1. **Custom orchestrator over LangChain/LlamaIndex** — Simpler, more transparent, easier to debug. We control the pipeline loop explicitly. No framework overhead for a sequential 6-step pipeline.

2. **WebSocket for agent activity** — The frontend shows each step as it happens (parsing → reasoning → checking → retrieving → synthesizing). This real-time visibility is critical for clinician trust.

3. **Structured outputs everywhere** — Every tool returns a Pydantic model. The synthesis agent receives structured data, not messy text. This ensures consistency and enables frontend rendering.

4. **Gemma in four roles** — As the patient parser (Step 1), clinical reasoning engine (Step 2), conflict detector (Step 5), and synthesis engine (Step 6). The same model extracts structured data, reasons about the case, identifies guideline-vs-patient conflicts, and integrates all tool outputs into a coherent report.

5. **Graceful degradation** — If a tool fails (e.g., OpenFDA is down), the agent continues with available information and notes the gap in the final report.

6. **Curated guideline corpus over general web search** — 62 hand-selected guidelines from authoritative sources (ACC/AHA, ADA, etc.) ensure quality and citability. Better than scraping the web.
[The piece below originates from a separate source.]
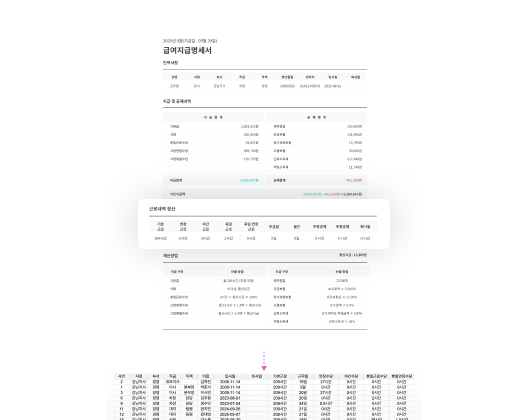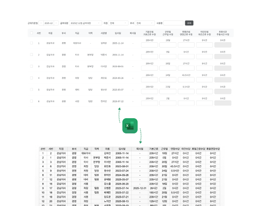 시급제 근로자의 근태기록·근태정산· 지급 항목과 연차수당 계산 내역을 엑셀로 다운로드하여 상세하게 분석할 수 있어요.

7. **ChromaDB for simplicity** — Embedded vector DB that persists locally. No external database service to manage. Rebuilds in seconds from the JSON source.

---

## Configuration

All configuration lives in `config.py` (Pydantic Settings) and `.env`:

| Setting | Default | Description |
|---------|---------|-------------|
| `MEDGEMMA_API_KEY` | (required) | HuggingFace API token or Google AI Studio API key |
| `MEDGEMMA_BASE_URL` | `""` (empty) | LLM API endpoint (HF Endpoint URL with /v1, or Google AI Studio URL) |
| `MEDGEMMA_MODEL_ID` | `google/medgemma` | Model identifier (`tgi` for HF Endpoints, or full model name) |
| `HF_TOKEN` | `""` | HuggingFace token for dataset downloads |
| `CHROMA_PERSIST_DIR` | `./data/chroma` | ChromaDB storage directory |
| `EMBEDDING_MODEL` | `sentence-transformers/all-MiniLM-L6-v2` | Embedding model for RAG |
| `MAX_GUIDELINES` | `5` | Number of guidelines to retrieve per query |
| `AGENT_TIMEOUT` | `120` | Max seconds for full pipeline execution |

---

## Known Limitations

- **LLM latency:** Full pipeline takes ~75 s due to multiple sequential LLM calls. Could be improved with smaller models or parallel LLM calls.
- **No authentication:** No user auth — designed as a local demo / research tool.
- **Single-model:** Uses only MedGemma 27B Text IT. Could benefit from specialized models for different steps.
- **Guideline currency:** Guidelines are a static snapshot. A production system would need automated updates.
- **No EHR integration:** Input is manual text paste. A production system would integrate with EHR FHIR APIs.

---

## Validation Framework

The project includes an external dataset validation framework that tests the full pipeline against real-world clinical data — bypassing the HTTP server and calling the `Orchestrator` directly.

### Datasets

| Dataset | Source | Cases | What It Measures |
|---------|--------|-------|------------------|
| **MedQA (USMLE)** | HuggingFace (`GBaker/MedQA-USMLE-4-options`) | 1,273 | Diagnostic accuracy — top-1, top-3, mentioned |
| **MTSamples** | GitHub (`socd06/medical-nlp`) | ~5,000 | Parse quality, field completeness, specialty alignment |
| **PMC Case Reports** | PubMed E-utilities (esearch + efetch) | Dynamic | Diagnostic accuracy on published cases with known diagnoses |

### Architecture

```
validation/
├── base.py               # ValidationCase, ValidationResult, ValidationSummary
│                         # run_cds_pipeline() — direct Orchestrator invocation
│                         # fuzzy_match(), diagnosis_in_differential()
├── harness_medqa.py      # Fetch from HuggingFace, extract vignettes, score diagnostics
├── harness_mtsamples.py  # Fetch CSV, stratified sampling, score parse quality
├── harness_pmc.py        # PubMed E-utilities, title-based diagnosis extraction
└── run_validation.py     # Unified CLI: --medqa --mtsamples --pmc --all --max-cases N
```

All datasets are cached locally in `validation/data/` (gitignored). Results are saved to `validation/results/` (also gitignored).